I failed high school chemistry. No two ways about it. I just plain failed it. Those stupid proofs and balancing equations of things I couldn't even really tell existed...well, it just wasn't happening. Heathcliff and Catherine had my rapt attention, but not the test tubes and lab tables, and I got used to seeing the letter "F" on my papers and acknowledging that I might not graduate because of those stupid covalent bonds. I still, to this day, don't know what the hell those are!
One thing that stuck, though, as I wrote notes and planned my underage drinking excursions for the weekend, was the spiel about changes.

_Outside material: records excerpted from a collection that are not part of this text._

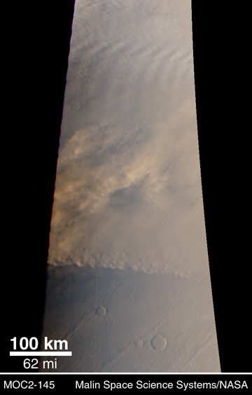 the martian plains. MOC captured this view of a storm front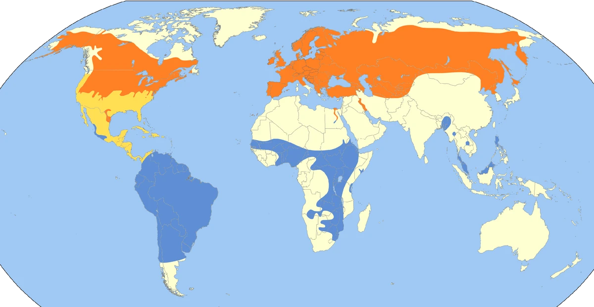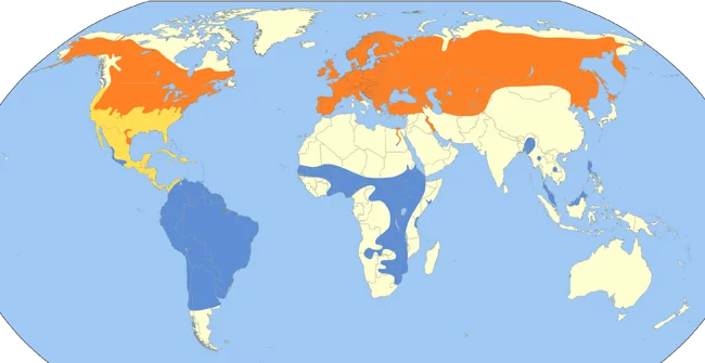 Orange is the breeding area. Yellow is the migratory area. Blue is the non-breeding area (where they migrate for the winter).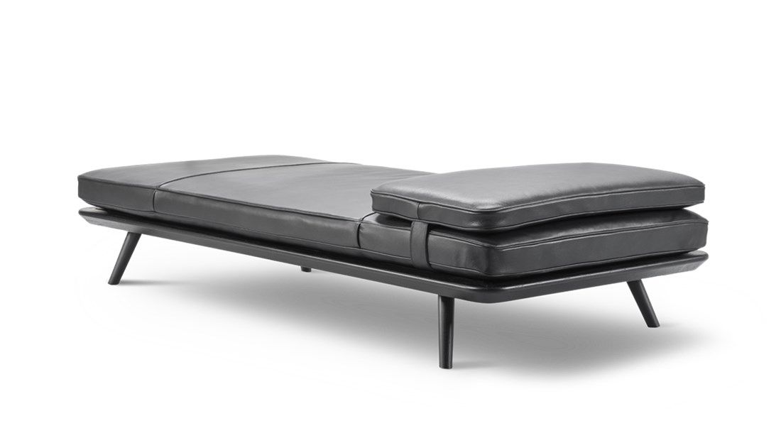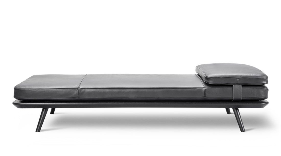 Spine Daybed pays respect to the proud upholstery traditions on which Fredericia built its name, while providing a dash of modernity in its own succinct and simple way. The head cushion is secured with a leather strap.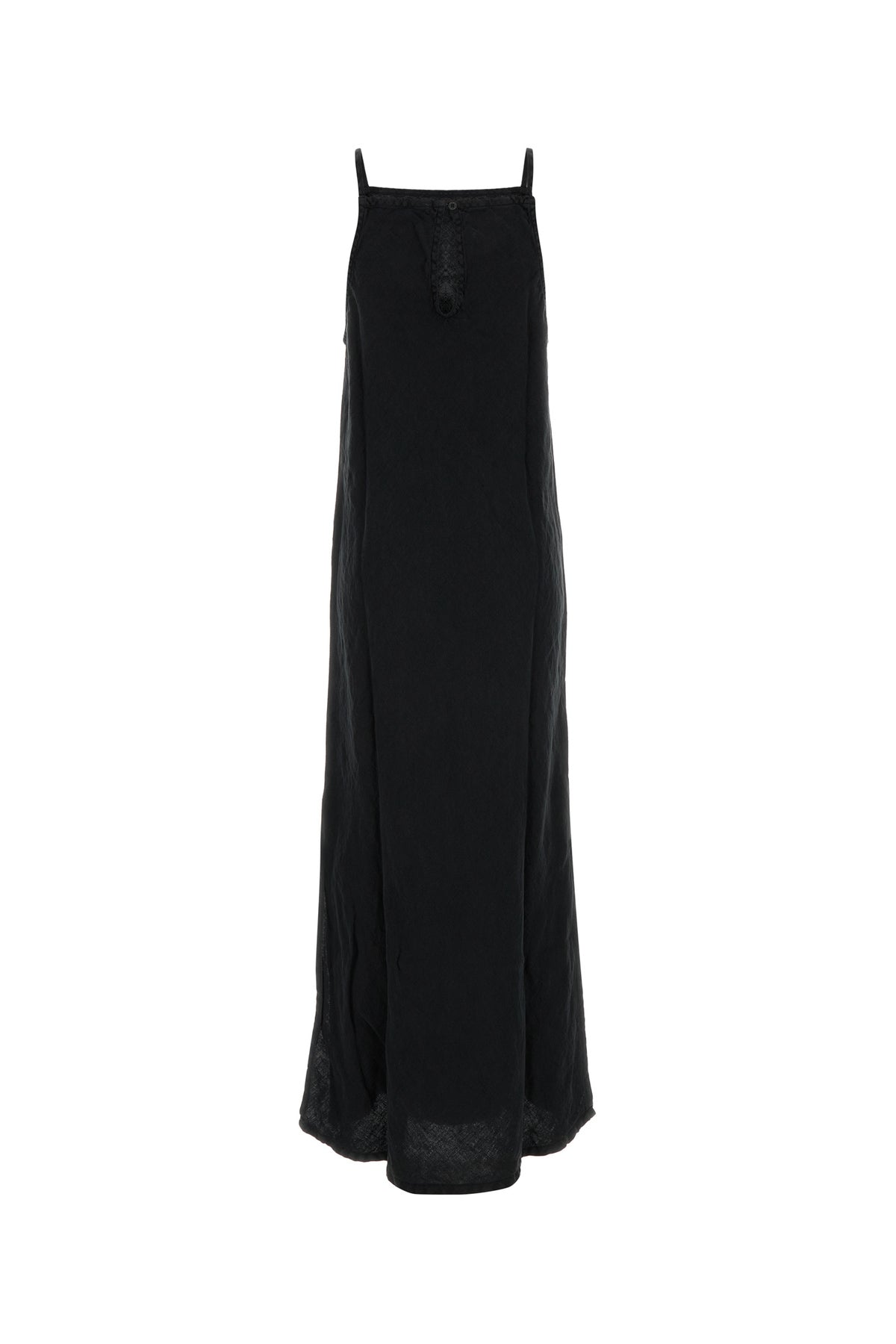 Long-cut dress realized in pure linen characterized by lateral slits on the hemline.

You know, some substances undergo changes that aren't able to be undone, and some just change into other things that you can switch easily back from. If I recall correctly (and I will, because I'll google that shit just to be sure), it's the physical changes that can sometimes be reversed and don't really change the makeup of the original substance. Paper is still paper if you chop it up, and wood is still wood once you hack down the tree. A broken fingernail will grow back, hair will regrow...and what they ARE never varies, no matter how different they might look on the surface.
The chemical changes, though--there's the rub. You can't just undo that beautiful mess that gets created. Just ask Peter Parker. Some changes, just like a radioactive spider bite, alter the core at the center of the substance, and that is not something that's easily undone. Photosynthesis, digestion, burning...they all result in some new thing, some important thing, but some different thing that isn't going back to the way it was, no matter what you do to it.
Peter Parker sometimes tries to go back to the ordinary guy he was. He tries to shed his costume and pretend that things are hunky dory and he's normal. But he's not, and he never will be again. He can't change back to what he was. Most of us don't have a spider to blame (not even that little guy that crawled into my shirt to his death last night), nor are the changes quite so drastic as slinging webs and climbing walls (at least not literally) but it doesn't change the fact that we change.
In the interest of winding this up before I turn into a pumpkin, change is inevitable. As Jay Asher wrote in the excellent young adult novel Thirteen Reasons Why, "You can't stop the future, you can't rewind the past. The only way to learn the secret...is to press play." And true change never changes back, it just is. So press PLAY.
1 comment:
That was worth a read....and I can probably share some info on Actively Learn as we are studying those concepts as we speak. I heard once someone say- " Life is Deep." I have pondered that comment for a long time and have reached a conclusion of my own regarding life. Life is deep- or as deep as you choose it to be. You can walk out knee deep. You can walk out neck high. And yes, you can even plunge so deep its over your head. The real revelation just may be in whether you sink or swim- not how deep it really is!
So, remember Life is deep- but you choose the actual depth you wish to experience.